= The Historical Museum at Fort Missoula =

Formerly the Quartermaster’s Storehouse at Fort Missoula, this historic brick building now houses exhibits and the museum shop.

The Historical Museum at Fort Missoula was founded in 1975, at the site of the historic Fort Missoula in Missoula, Montana, US. The 32-acre park features an indoor museum with both permanent and rotating exhibits as well as an outdoor museum grounds. The outdoor grounds house historic equipment and buildings including a Willamette locomotive, historic streetcar, a wood-waste burner, homestead cabins, and structures related to the fort's history as an World War II internment camp.

== History ==
By 1948, following the end of World War II, the US Army had abandoned Fort Missoula and shuttered the Fort Missoula Internment Camp.

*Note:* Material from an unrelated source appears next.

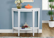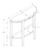 - Design and Structure: This console table features a half-moon shape with a 2-tier design, including a fixed bottom shelf for additional storage. It boasts a thick-panel construction in a wood-look finish, complete with a beveled tabletop, table apron, and robust, tapered legs.

The Fort Missoula Historical Society was founded in the 1960s to preserve the fort's Non-Commissioned Officers Quarters building, which dated back to 1877. In 1972, the group sold this building to the Western Montana Ghost Town Preservation Society.

In December 1972, Missoula was granted roughly 30 acres of land from the Bureau of Outdoor Recreation to erect a public park. The historical society worked with the city to make the development into a historical park, with the old Quartermaster's Warehouse as an indoor museum.

After obtaining external donations, in both artifacts and money, work was able to begin on renovating the Quartermaster's Warehouse. The society also secured the museum funding through a tax levy, which by 1982 provided the museum with $65,000 annually.

The indoor museum, housed in the Quartermaster's Warehouse, was officially opened to the public on July 7th, 1974, and the museum's grounds opened in 1975. In 1984, the museum's name was changed from "Fort Missoula Historical Museum" to the "Historical Museum at Fort Missoula."